* What to produce *
The entries are to be printed again word for word, but no picture may appear.

*-*-*

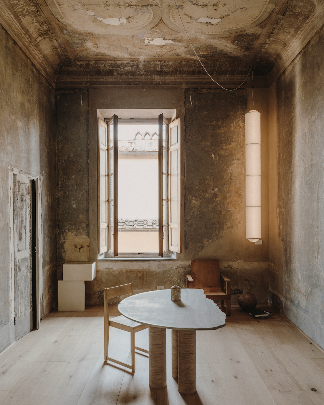Tucked inside Palazzo Galli Tassi, Numeroventi feels more like an artist’s atelier than a traditional b&b. Soaring ceilings, stone staircases, and centuries-old frescoes mingle with minimalist furniture by local and international designers. Each space tells a story of quiet reinvention: rooms stripped back to reveal their raw beauty, softened by linen drapes, warm light, and hand-crafted details. The design ethos is one of stillness and honesty: Florence’s grandeur distilled into something pure and modern.
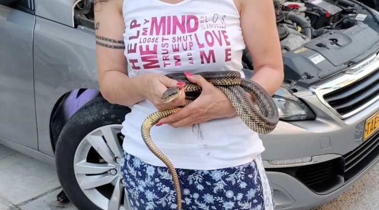 Ο Στέλιος Γερονυμάκης και την Ελευθερία Βεκίλογλου, εθελοντές της ομάδας για τη διάσωση όλων των ζώων που βρίσκονται σε κατάσταση κινδύνου “Animal Rescue and Defence Squad”, έσπευσαν στο σημείο και απομάκρυναν το φίδι.
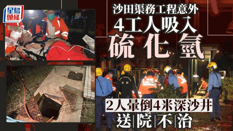 沙田發生奪命業意外。昨日(22日)晚上近午夜零時,沙田源禾路16號一休憩公園內正進行渠程工程,有2名工人於沙井內暈倒,陷入昏迷;另外2名工人則在井口外受傷。消防員接報後趕往現場,在沙井內救出兩名暈倒的工人,他們昏迷由救護員送住醫院搶救,惟最終不治。另外在井口外的2名工人清醒,亦由救護車送往醫院治理。警方正調查事件原因。
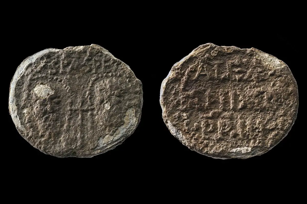 An example of the papal bulla, the object was traditionally used to authenticate official papal documents. The oval lead seal is about four centimetres wide and exhibits obvious heavy corrosion, although its imagery and inscriptions are recognisable.
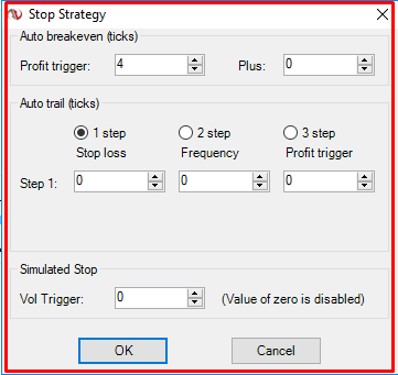 How this will work is you have 2 Targets, one at 4 ticks in profit target and 8 ticks in stop loss, and one at 12 ticks in profit target and 8 ticks stop loss. Once the first target fills in at 4 points in profit, the stop loss of the second target will move to a break even.
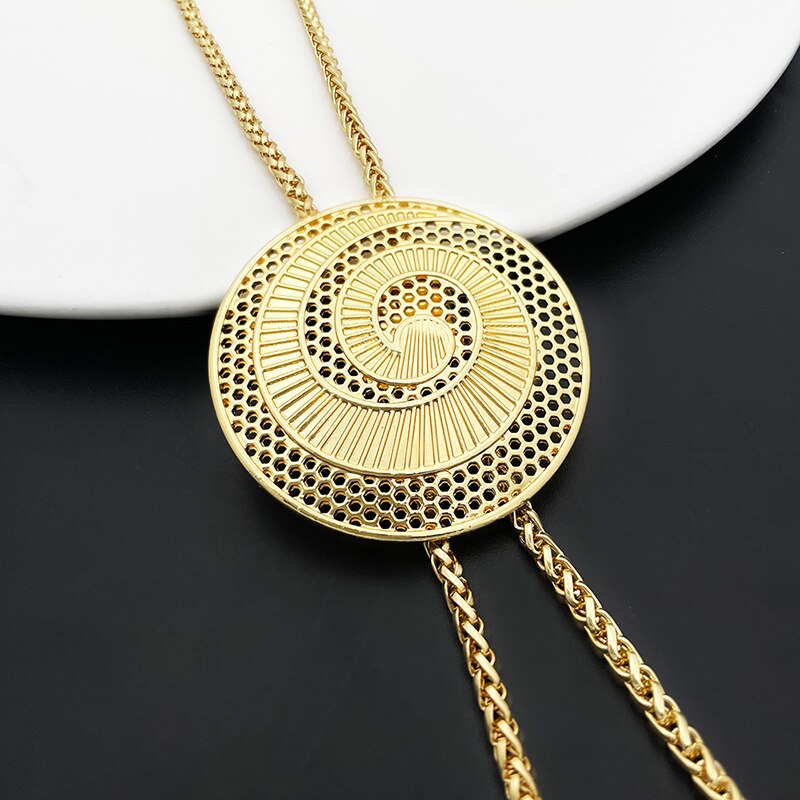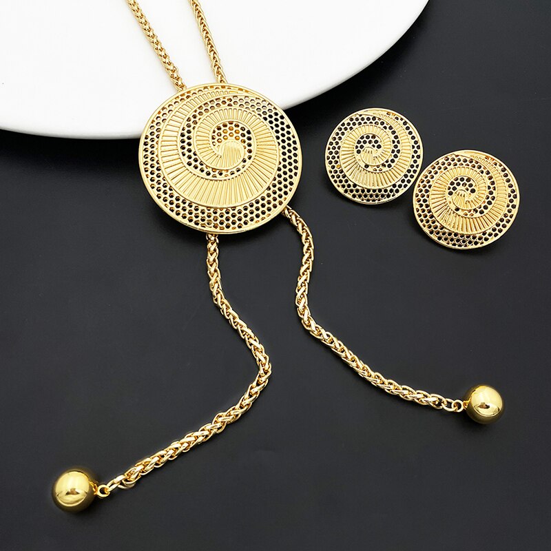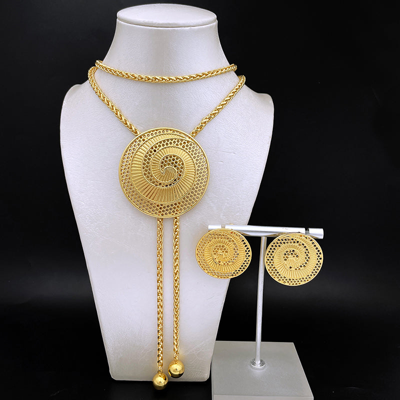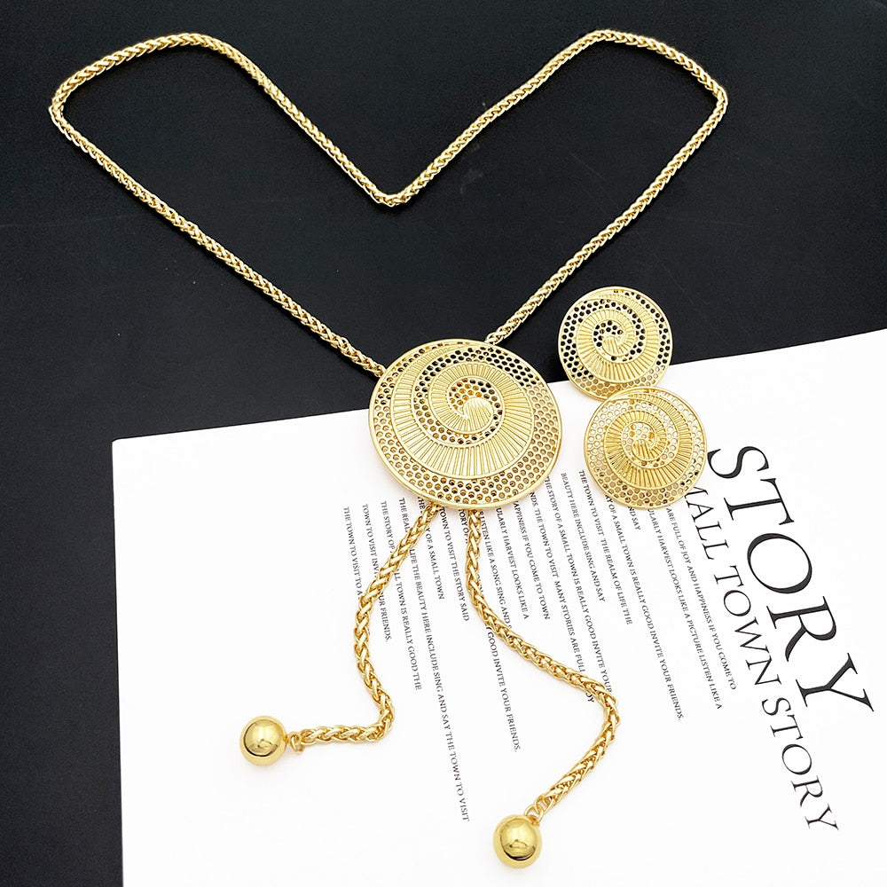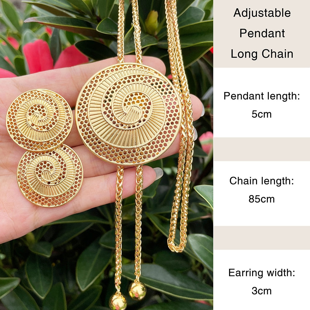 Adjustable Long Necklace Large Round Pendant Earrings Dubai Gold Plated Jewelry For Women
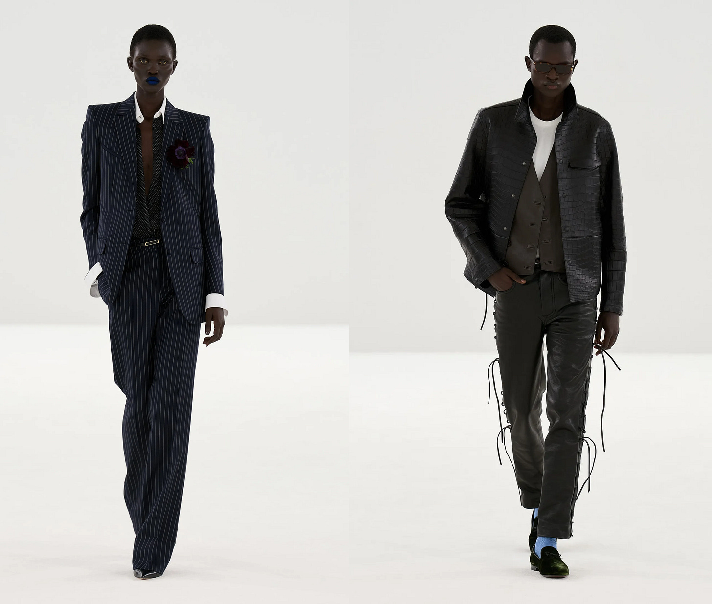 This collection blew me away — perhaps most of all because I wasn’t expecting it to. I always have the highest hopes for Prada, I expect posh glamour at Chanel, sculpture won’t shock me at Schiaparelli, but for some reason I was caught off guard by the Tom Ford rain coats dripping in sex. Silly me.
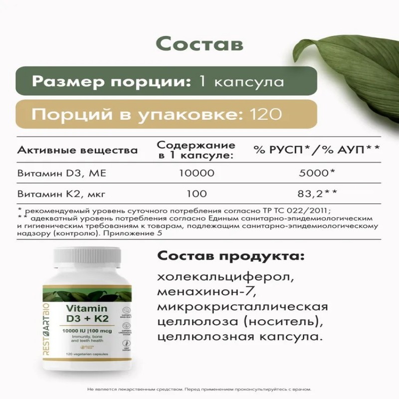 RESTARTBIO , витамин D3 с K2 (10000МЕ/100мкг), БЕЗ вредных компонентов в составе.
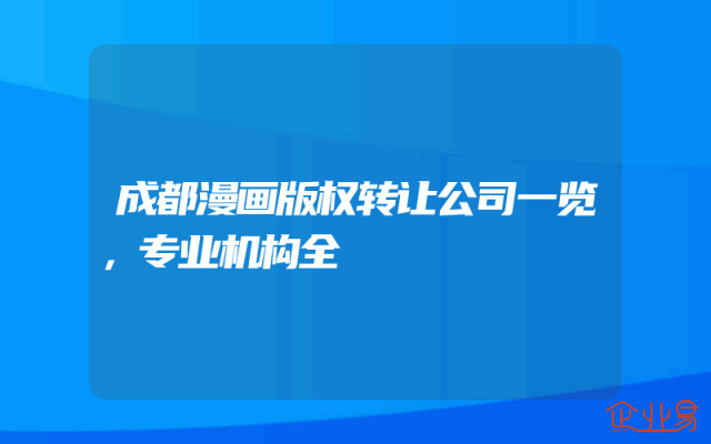 - 成都漫画版权转让公司一览:专业机构全解析一、成都漫画版权转让市场概况作为西部地区的重要城市,成都的漫画版权转让市场近年来逐渐兴起。随着文化产业的繁荣发展,越来越多的漫画创作者和投资者开始关注这一市场
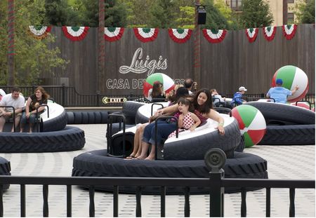 Luigi's Flying Tires is a unique attraction where riders float on air in giant tires around Luigi's back yard.
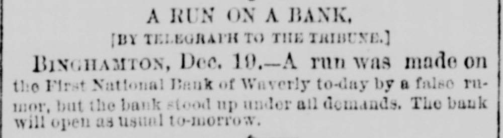 A RUN ON A BANK, [BY TELEGRAPH TO THE TRIBUNE.] BINGHAMTON, Dec. 19.-A run was made on the First National Bank of Waverly to-day by a false I'llmor, but the bank stood up under all demands. The bank will open as usual to-morrow.
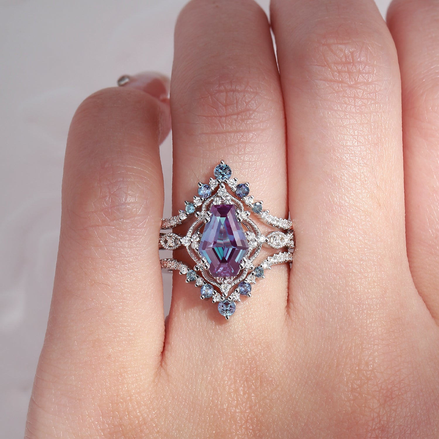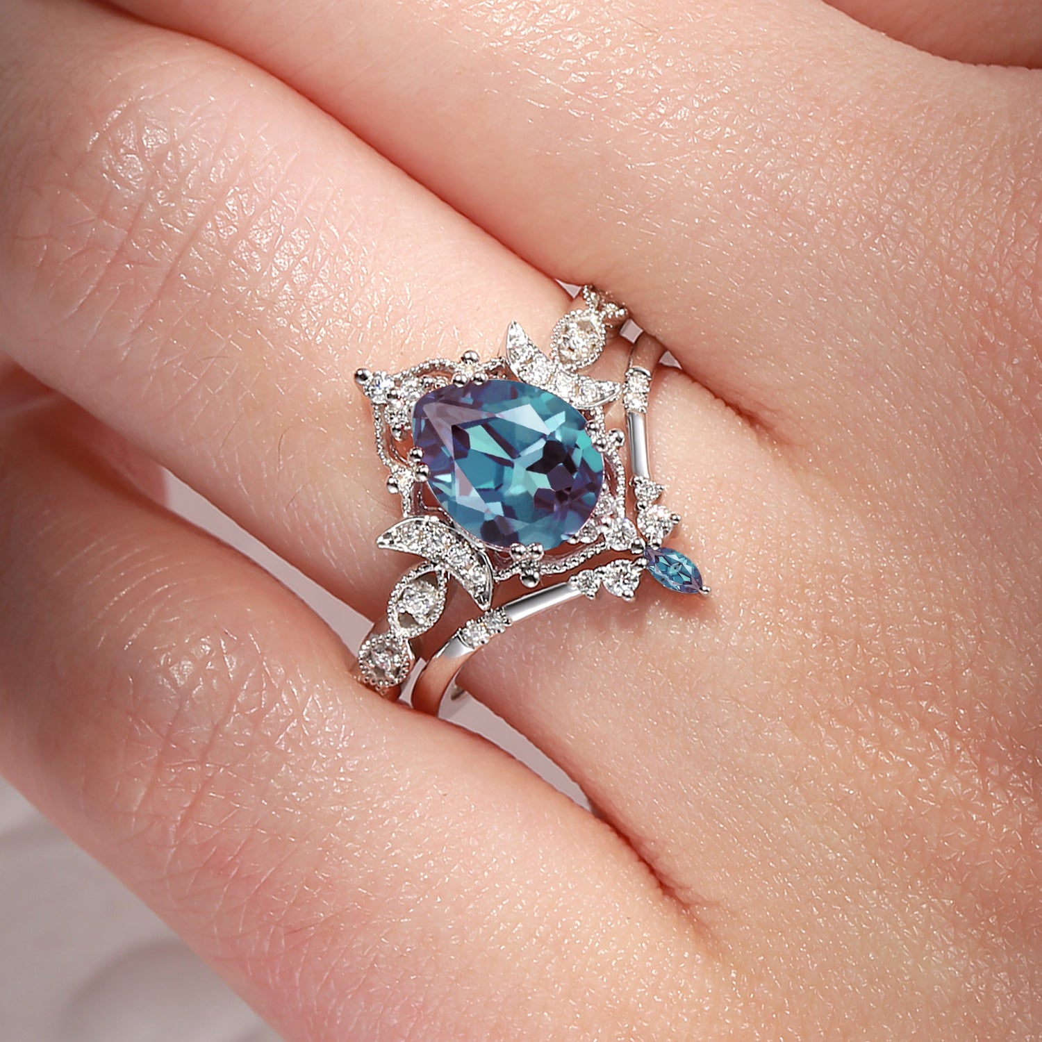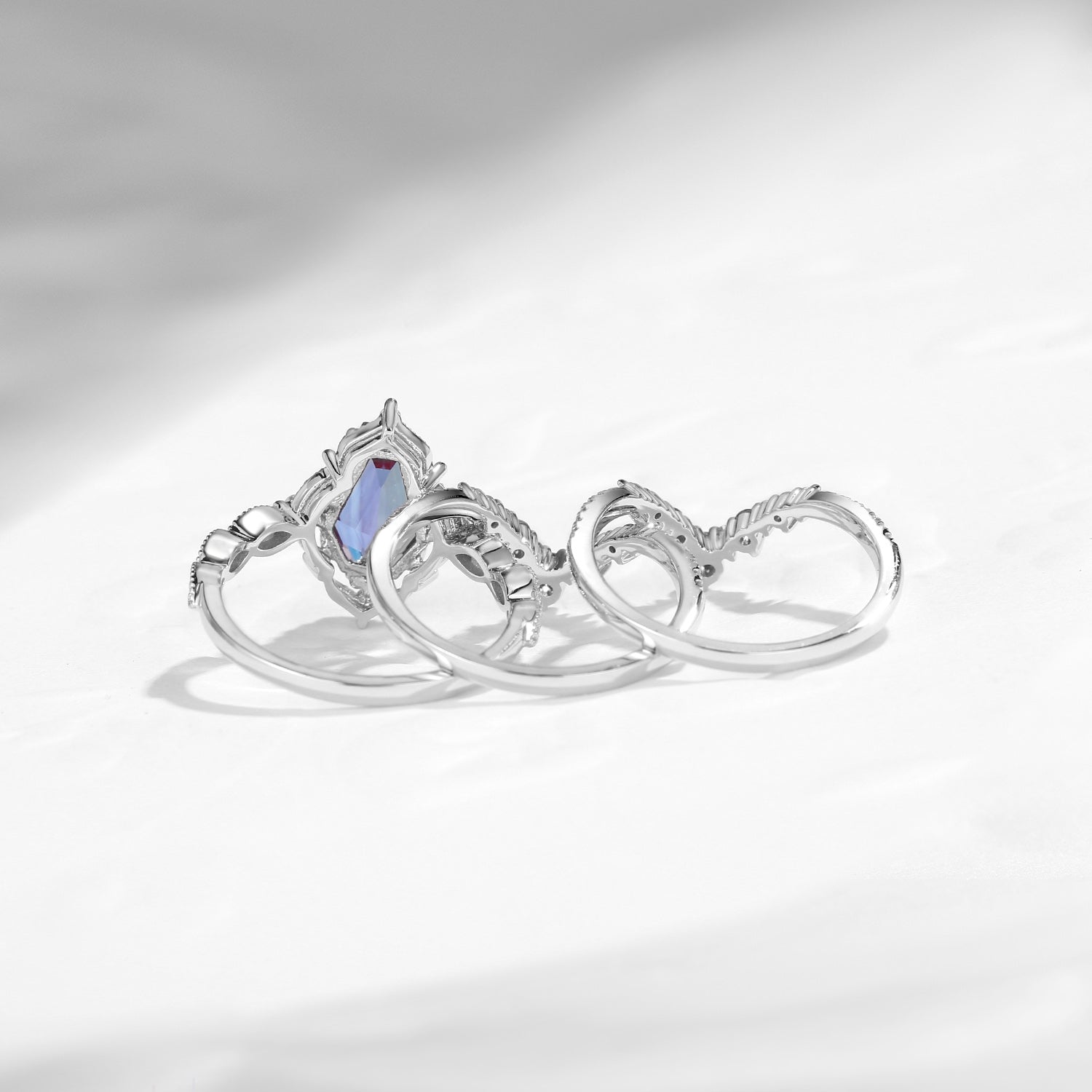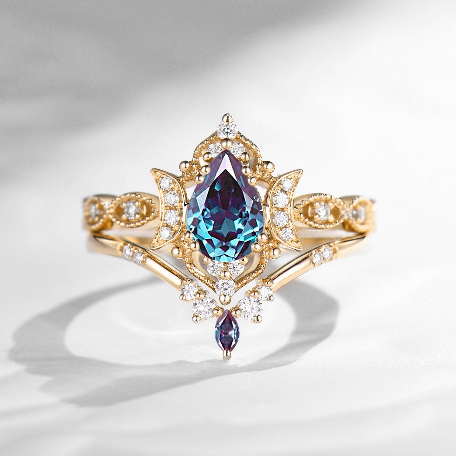 Crescent Moon | Blue Moonlight 18K Unique Alexandrite Engagement Ring Set 2pcs - Luna
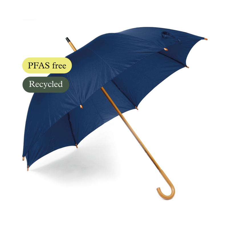 Material PFAS-free, R-PET Pongee, fiberglass ribs, wooden shaft, wooden J- handle
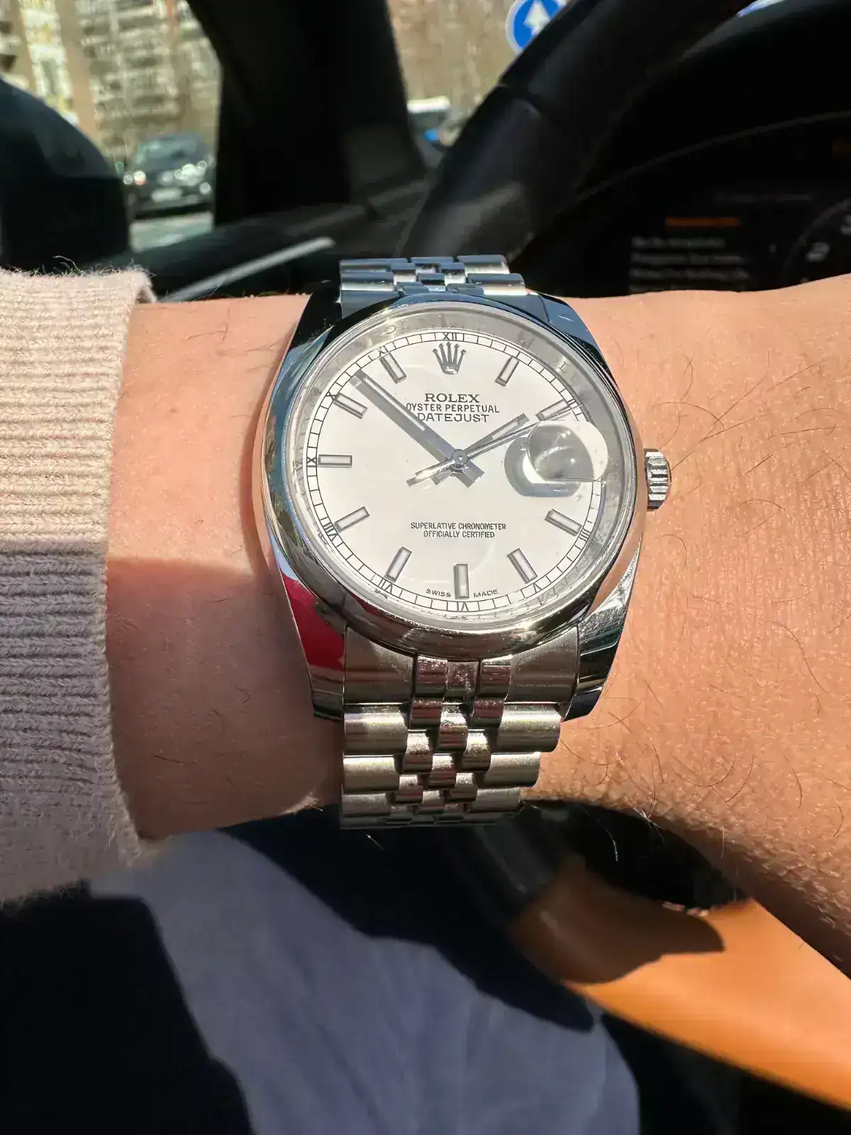 Pero ví el 36 mm en la muñeca de un amigo,1.80m y atlético y lucía excelente, una mezcla de refinamiento , calidad y prestancia inigualables.
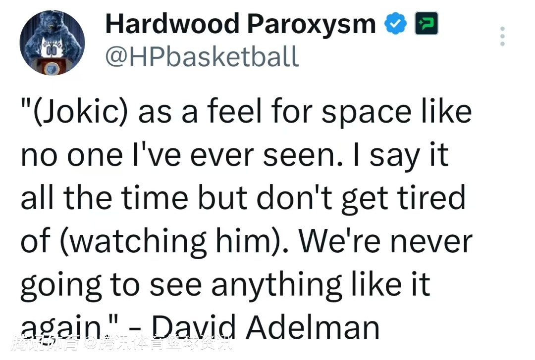 关于约基奇的表现,阿德尔曼说道:“约基奇对空间的感知能力,是我见过的球员里独一档的。我总这么说,但百看不厌。我们以后再也不会见到这样的球员了。”
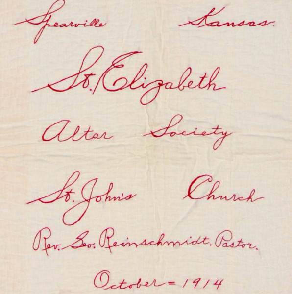 St. Elizabeth Altar Society Quilt created in October 1914. Photo Courtesy of Larry Strecker
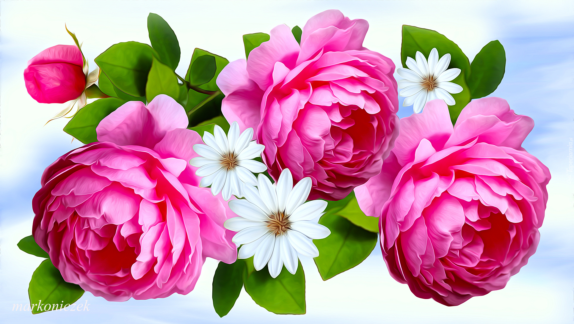 Edytor tapety: Trzy róże i białe kwiaty w grafice
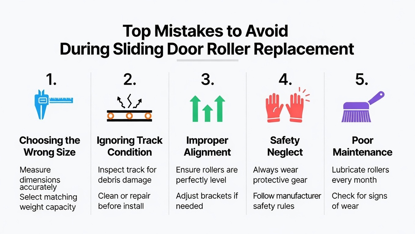 | Verkeerde rolgrootte | De deur zit vreemd, gaat niet op slot en sleept nog steeds | Diameter/offset/belastingswaarde komt niet overeen | Zorg ervoor dat de rolspecificaties overeenkomen met het origineel; controleer de wieldiameter en behuizingsdiepte |

*-*-*

* Completed exercise *
Tucked inside Palazzo Galli Tassi, Numeroventi feels more like an artist’s atelier than a traditional b&b. Soaring ceilings, stone staircases, and centuries-old frescoes mingle with minimalist furniture by local and international designers. Each space tells a story of quiet reinvention: rooms stripped back to reveal their raw beauty, softened by linen drapes, warm light, and hand-crafted details. The design ethos is one of stillness and honesty: Florence’s grandeur distilled into something pure and modern.
 Ο Στέλιος Γερονυμάκης και την Ελευθερία Βεκίλογλου, εθελοντές της ομάδας για τη διάσωση όλων των ζώων που βρίσκονται σε κατάσταση κινδύνου “Animal Rescue and Defence Squad”, έσπευσαν στο σημείο και απομάκρυναν το φίδι.
 沙田發生奪命業意外。昨日(22日)晚上近午夜零時,沙田源禾路16號一休憩公園內正進行渠程工程,有2名工人於沙井內暈倒,陷入昏迷;另外2名工人則在井口外受傷。消防員接報後趕往現場,在沙井內救出兩名暈倒的工人,他們昏迷由救護員送住醫院搶救,惟最終不治。另外在井口外的2名工人清醒,亦由救護車送往醫院治理。警方正調查事件原因。
 An example of the papal bulla, the object was traditionally used to authenticate official papal documents. The oval lead seal is about four centimetres wide and exhibits obvious heavy corrosion, although its imagery and inscriptions are recognisable.
 How this will work is you have 2 Targets, one at 4 ticks in profit target and 8 ticks in stop loss, and one at 12 ticks in profit target and 8 ticks stop loss. Once the first target fills in at 4 points in profit, the stop loss of the second target will move to a break even.
 Adjustable Long Necklace Large Round Pendant Earrings Dubai Gold Plated Jewelry For Women
 This collection blew me away — perhaps most of all because I wasn’t expecting it to. I always have the highest hopes for Prada, I expect posh glamour at Chanel, sculpture won’t shock me at Schiaparelli, but for some reason I was caught off guard by the Tom Ford rain coats dripping in sex. Silly me.
 RESTARTBIO , витамин D3 с K2 (10000МЕ/100мкг), БЕЗ вредных компонентов в составе.
 - 成都漫画版权转让公司一览:专业机构全解析一、成都漫画版权转让市场概况作为西部地区的重要城市,成都的漫画版权转让市场近年来逐渐兴起。随着文化产业的繁荣发展,越来越多的漫画创作者和投资者开始关注这一市场
 Luigi's Flying Tires is a unique attraction where riders float on air in giant tires around Luigi's back yard.
 A RUN ON A BANK, [BY TELEGRAPH TO THE TRIBUNE.] BINGHAMTON, Dec. 19.-A run was made on the First National Bank of Waverly to-day by a false I'llmor, but the bank stood up under all demands. The bank will open as usual to-morrow.
 Crescent Moon | Blue Moonlight 18K Unique Alexandrite Engagement Ring Set 2pcs - Luna
 Material PFAS-free, R-PET Pongee, fiberglass ribs, wooden shaft, wooden J- handle
 Pero ví el 36 mm en la muñeca de un amigo,1.80m y atlético y lucía excelente, una mezcla de refinamiento , calidad y prestancia inigualables.
 关于约基奇的表现,阿德尔曼说道:“约基奇对空间的感知能力,是我见过的球员里独一档的。我总这么说,但百看不厌。我们以后再也不会见到这样的球员了。”
 St. Elizabeth Altar Society Quilt created in October 1914. Photo Courtesy of Larry Strecker
 Edytor tapety: Trzy róże i białe kwiaty w grafice
 | Verkeerde rolgrootte | De deur zit vreemd, gaat niet op slot en sleept nog steeds | Diameter/offset/belastingswaarde komt niet overeen | Zorg ervoor dat de rolspecificaties overeenkomen met het origineel; controleer de wieldiameter en behuizingsdiepte |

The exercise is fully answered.